Tilda tilted her head to the sky and saw through a break in the trees a bird soaring over them. Its white head was in sharp contrast to the dark brown of its body, and its wingspan was so large it made her feel like prey.
“Bald eagle,” she whispered.
She almost never saw one on Olloo’et. There were too many people, too much activity.
“This way,” Tip said. “We’re almost there.”
The trail, already single track, had a spur even narrower. Despite his pack, Tip took off, landing only on the balls of his feet as he hopped from footfall to footfall up the trail. Tip’s legs were long, and his body was young. Young enough not to know this terrain was challenging, and so within moments, he was far enough ahead that Tilda couldn’t see him.
She had worn her sneakers, and she thought for a minute about running after him, an idea that was quickly discarded. She knew she wouldn’t make it far before she started huffing and puffing and would have to walk, and besides, she didn’t want to chase him or anyone else. She was tired. Here in the woods where no one could find her seemed as good a place as any to rest, and so she kept to her own pace.
When Tilda caught up, they were at the top of a hill. Just to the left was a small clearing where the trees made room for the sky, and the ferns made room for the little cabin. Grasses and nibbly plants that would attract deer were here, but mostly it was a thick bed of fallen pine needles that made a soft carpet under her feet as she walked after him toward the door—or more precisely the doorway, as there was no door to fill it.

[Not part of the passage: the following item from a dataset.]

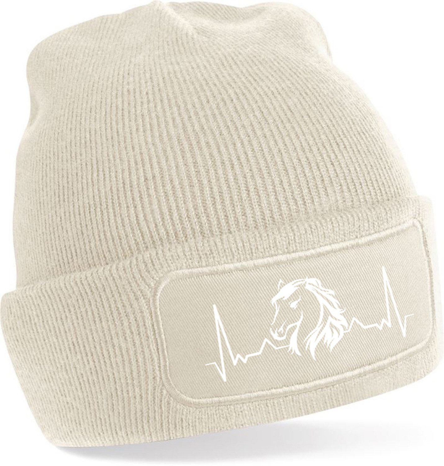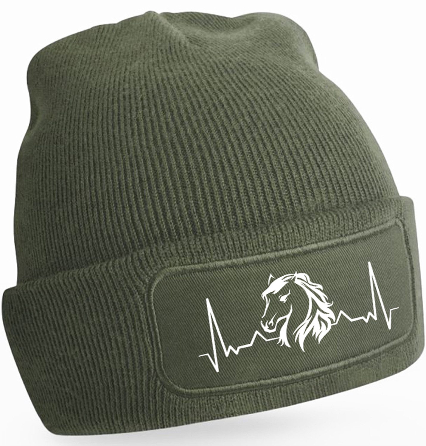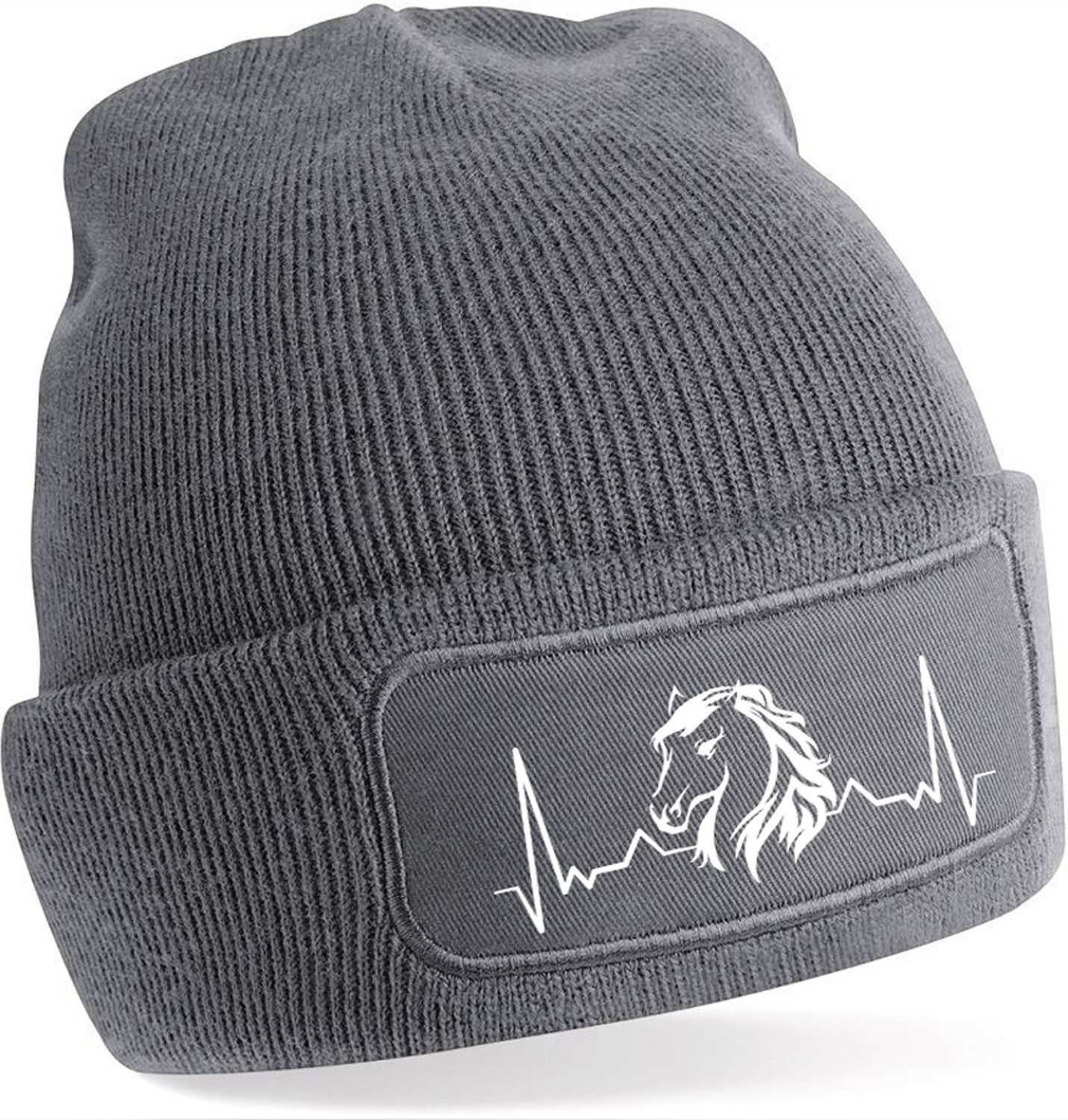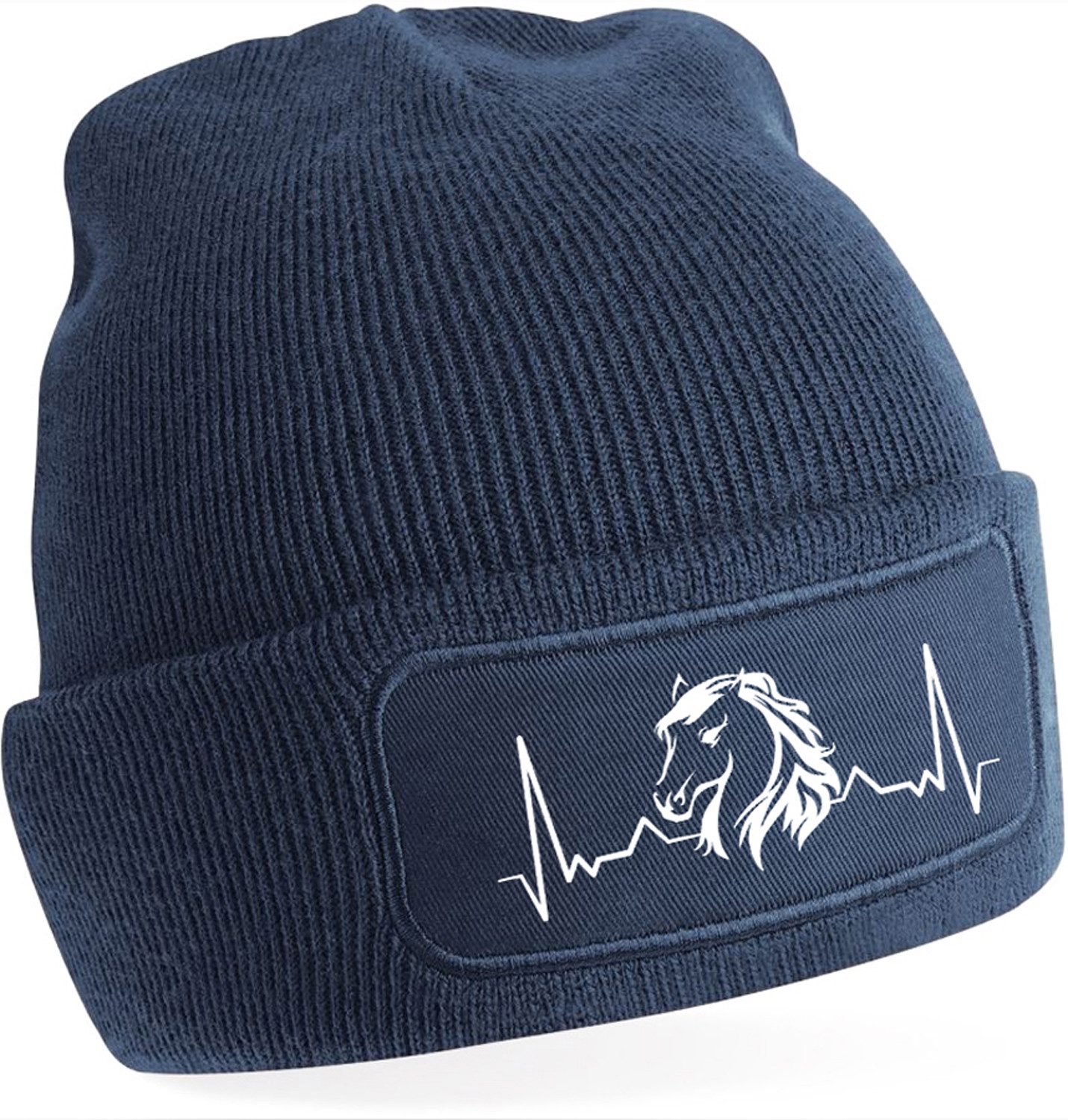 Ausdrucksstarke Winter-Strickmütze mit Herzschlag-Pferdemotiv, grober Strickoptik und breitem Umschlag – ein wärmendes Accessoire für die ganze Familie.

A small wooden sign proclaimed this structure CAREY’S HOUSE, built and cared for by the Carpenter’s Island Trail Association. At the bottom of the sign was a little wooden box with a hinged top. Tilda stopped to open it. Inside, on a thin chain was a pen, which made her think there had been some sort of guest book at one time or another, but it was gone now, perhaps filled and taken away by the trail people, perhaps stolen. Now spiders had taken over the box, crisscrossing it with their webs so densely that only a teenager on a dare would have ever stuck his hand inside. Tilda let the top drop shut and wiped her hands on her jeans.

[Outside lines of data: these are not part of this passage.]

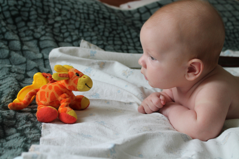 Вот и сткнуло нам 4 месяца )) Малыш меня радует стал очень общительным , играет игрушками хорошо долго может лежать один в кроватке и играть. Переворачивается не очень часто но я не переживаю ногами крепко стоит очень просится сидеть . Слюни у нас рекой текут кулак постоянно во рту а дёсна не набухшие .
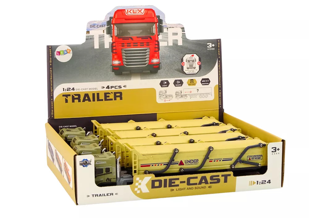 Priekabą galima atkabinti nuo traktoriaus, o tai leidžia įvairius žaidimo scenarijus. Transporto priemonė turi frikcinę pavarą, o tai reiškia, kad pajudėjus į priekį arba atgal, ji toliau judės dėl sukauptos energijos. Paspaudus sunkvežimio kabiną, suaktyvinami garso ir šviesos efektai, o tai suteikia realistiškumo ir padidina žaislo patrauklumą. Žaislas pagamintas iš vaikams saugių medžiagų, laikantis saugos standartų. Pagamintas atitinkamu 1:24 masteliu, kuris leidžia laisvai žaisti namuose ir lauke.
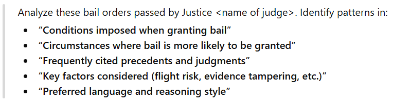 AI looks at patterns in past rulings, such as conditions for granting bail, precedents used, and factors the judge considers most important.
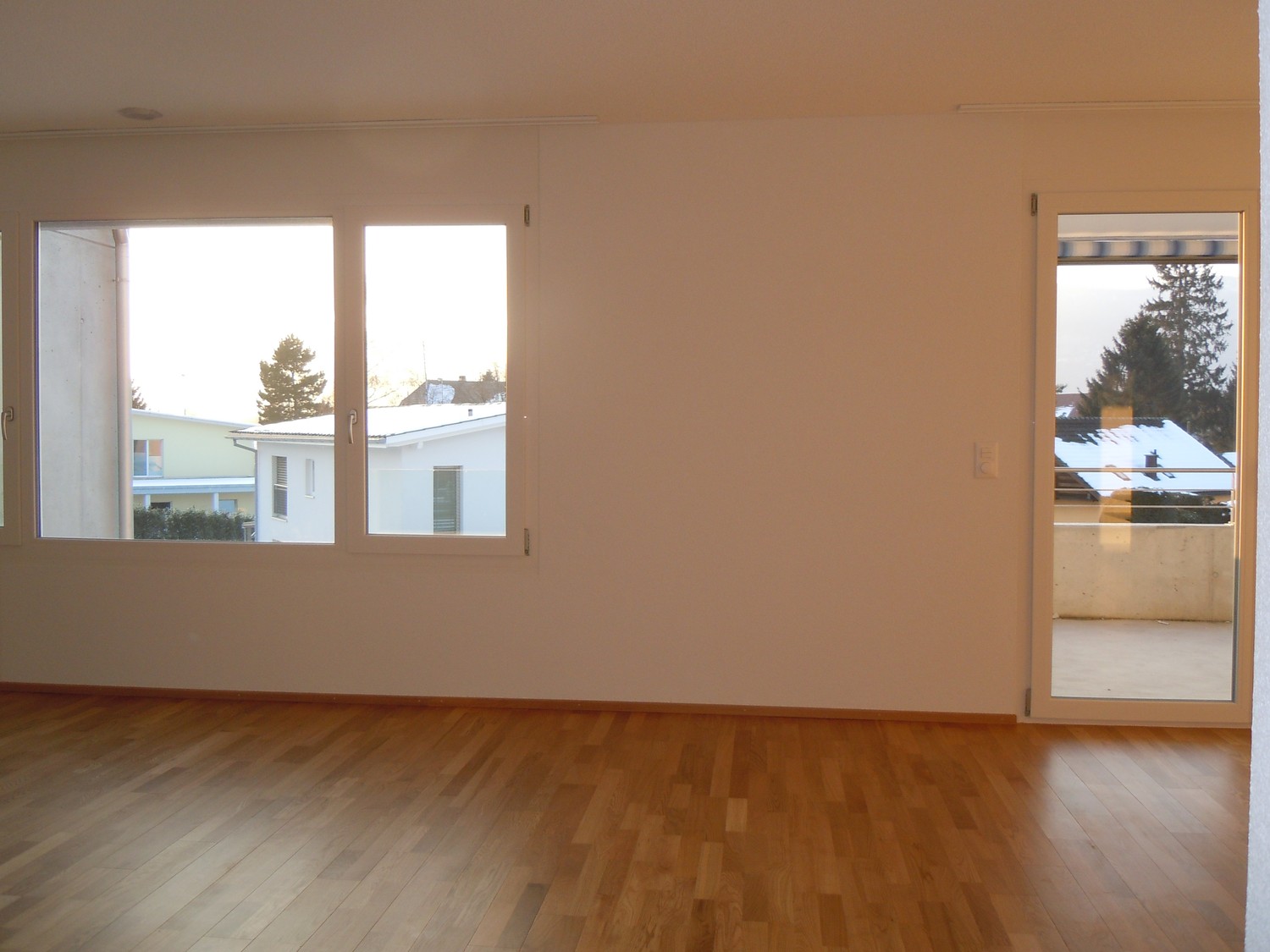 *einen 16m2 grossen Balkon mit Abendsonne und dimmbaren Einbauspots.
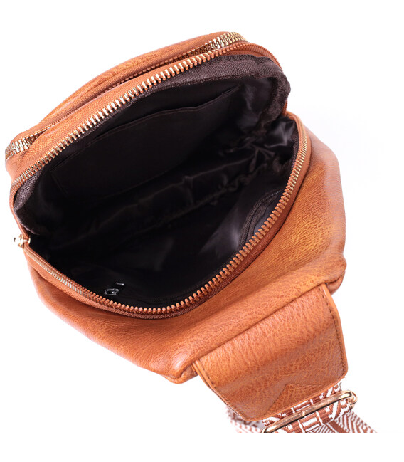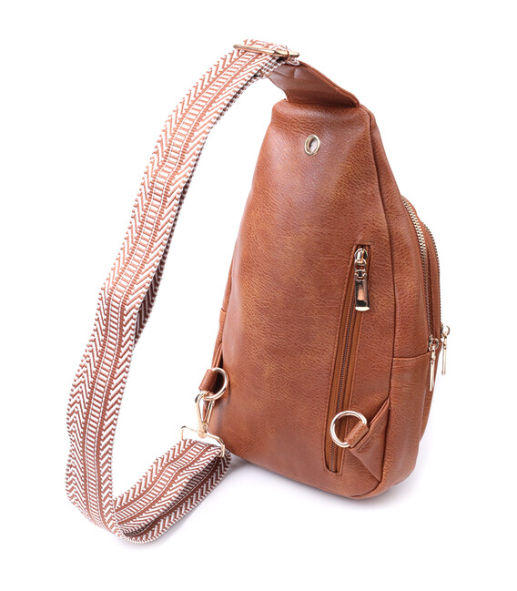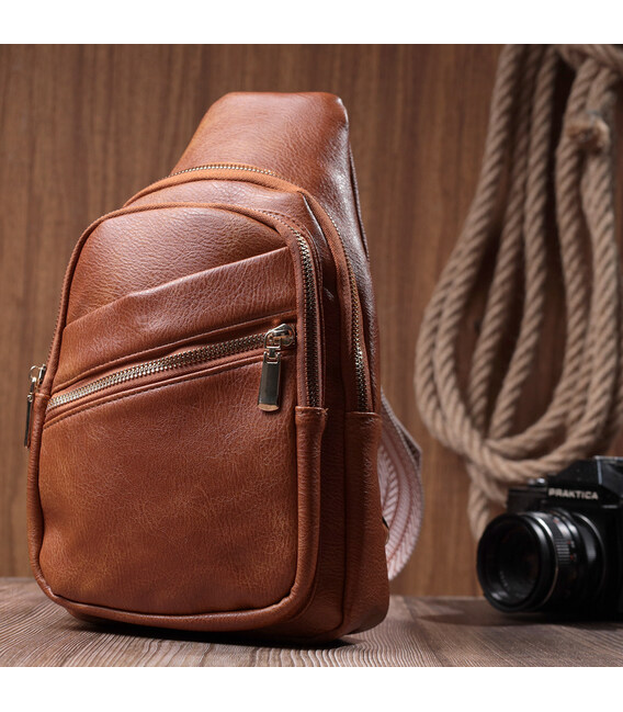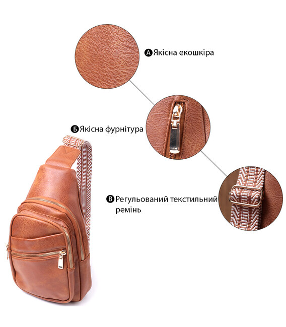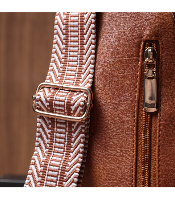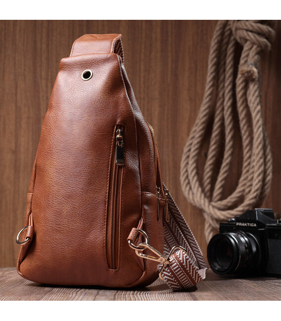 Предлагаем Вашему вниманию удобную слинг сумку из экокожи топового рыжего цвета. Данная модель состоит из одного основного отделения которое закрывается на молнию и в котором находится карман на молнии и карман открытого типа внутри, а также четырех карманов снаружи и одного отверстия для кабеля или наушников, что очень удобно в современной мире. Основной фишкой модели является удобный регулируемый плечевой ремешок в этническом стиле, что очень модно уже несколько сезонов. Экокожа - высококачественная альтернатива натуральному материалу, которая очень устойчива к трению, к низким температурам, отлично носится в отличии от других искусственных материалов, а также имеет гипоаллергенный состав в отличии от натуральной кожи.
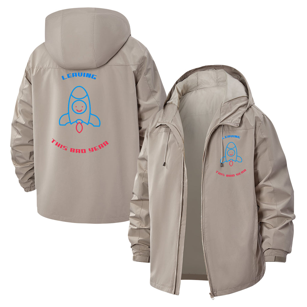 Rocket Leaving This Bad Year Unisex Full-Zip Printed Waterproof Hooded Windbreaker

Tip was inside and had already begun unpacking. She followed him. The cabin was empty and so dim she squinted to see into the corners. Tip was laying down a sleeping bag that he’d unzipped until it was one thick, flannel-topped picnic blanket before reaching for the food in his pack.
She’d only eaten those handfuls of trail mix that day, and her stomach made greedy noises when he pulled out the cold fried chicken. There was potato salad dressed with vinegar and capers, Brussels sprouts caramelized with bacon, and for dessert, he’d brought walnut brownies cut into little squares.
“I have a confession,” he said.
Tilda was untying her shoes to keep from tracking mud onto the blanket.
“I bought the brownies from the bakery downtown.”
He put a chicken leg on a paper plate and passed it to her. She picked it up and took a bite without serving herself any of the side dishes first. It was as good as she had hoped it would be.
“I’ll try to find it in me to forgive you,” she said, her mouth still a little full.
“I’m a terrible baker. You should know that if we go into business together.”
The drumstick became less appetizing. This wasn’t at all the conversation she had hoped for. “I’m not doing any business right now,” she said.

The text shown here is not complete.